▸ **RAW DATA**:
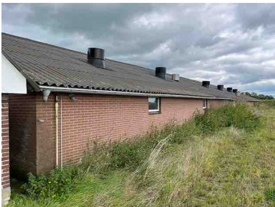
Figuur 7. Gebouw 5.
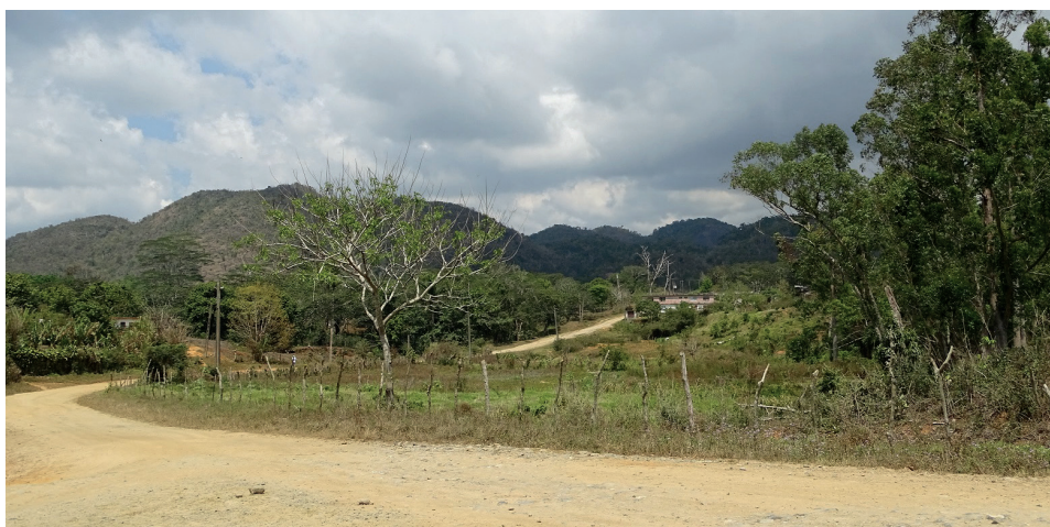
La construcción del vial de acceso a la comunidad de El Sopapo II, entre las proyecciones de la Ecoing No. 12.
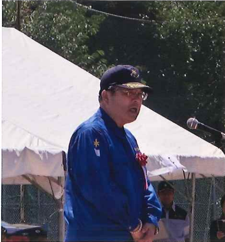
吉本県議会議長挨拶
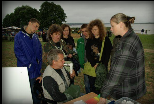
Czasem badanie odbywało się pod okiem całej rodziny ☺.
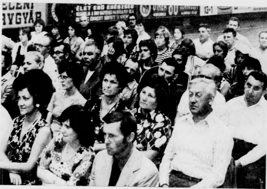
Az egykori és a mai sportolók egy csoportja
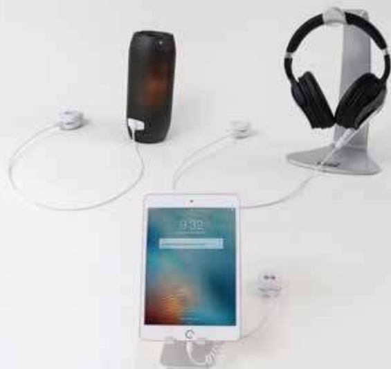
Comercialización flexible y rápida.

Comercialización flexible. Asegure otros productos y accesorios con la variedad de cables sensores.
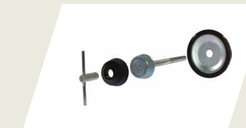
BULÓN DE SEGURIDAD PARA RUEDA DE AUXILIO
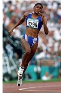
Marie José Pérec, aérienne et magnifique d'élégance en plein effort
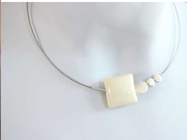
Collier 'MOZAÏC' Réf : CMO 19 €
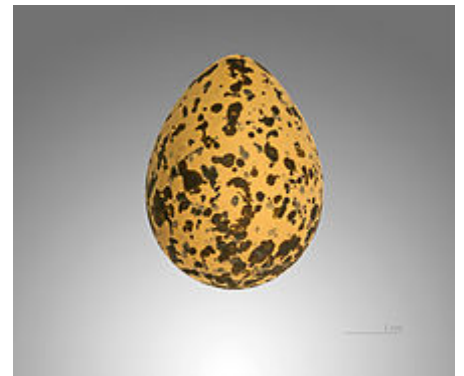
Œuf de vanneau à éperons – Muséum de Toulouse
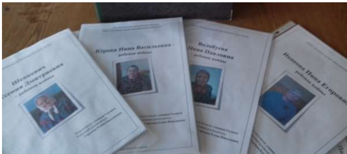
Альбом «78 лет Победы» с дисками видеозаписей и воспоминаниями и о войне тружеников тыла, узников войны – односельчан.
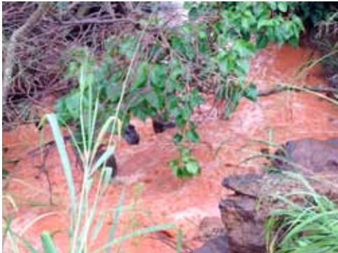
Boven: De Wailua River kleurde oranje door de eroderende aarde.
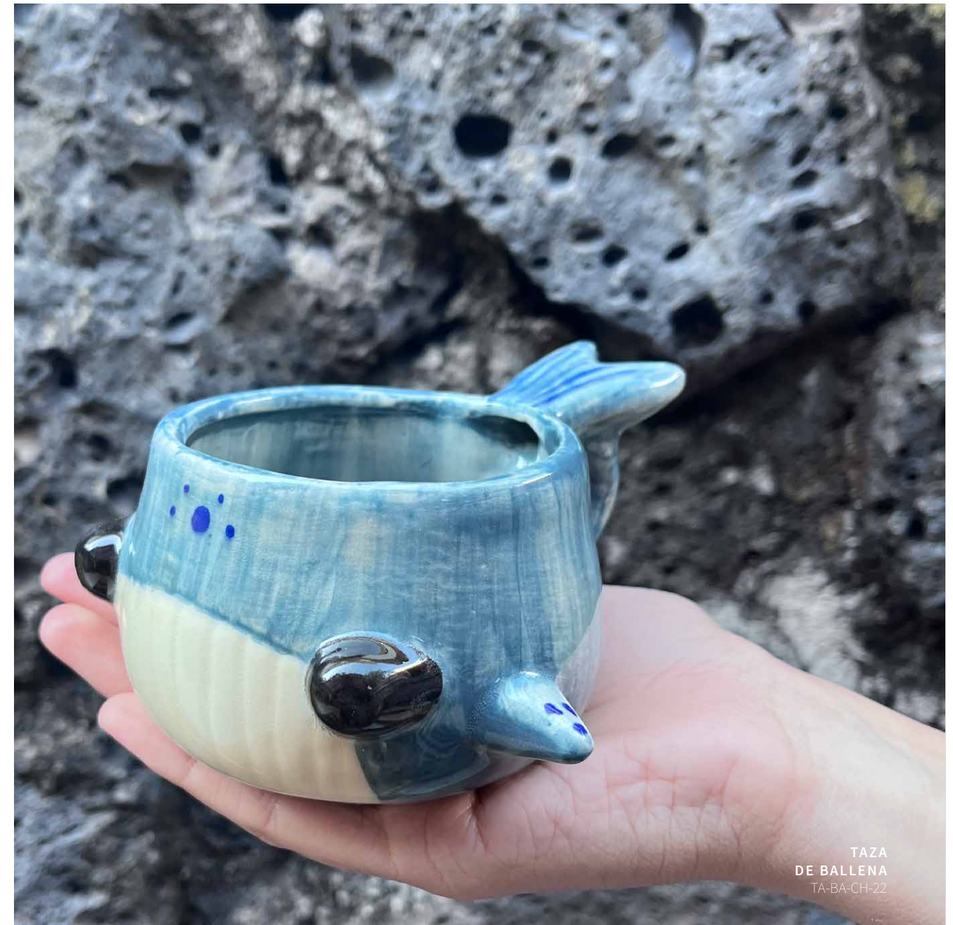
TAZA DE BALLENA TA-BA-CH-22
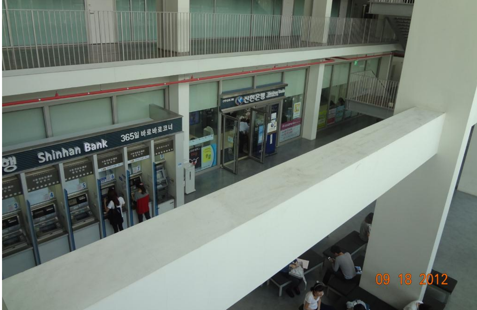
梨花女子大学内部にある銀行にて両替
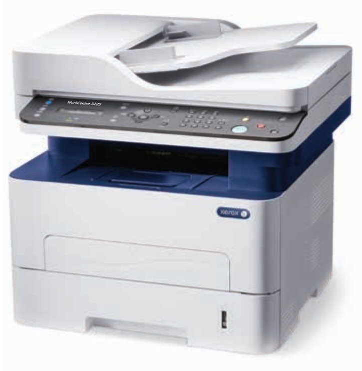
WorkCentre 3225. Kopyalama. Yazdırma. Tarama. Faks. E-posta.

▸ **DESCRIPTION OF THE TASK**:
Read the listing. Copy each line that has the word "flexible" in it.

▸ **ANSWER FOR THIS EXERCISE**:
Comercialización flexible y rápida.
Comercialización flexible. Asegure otros productos y accesorios con la variedad de cables sensores.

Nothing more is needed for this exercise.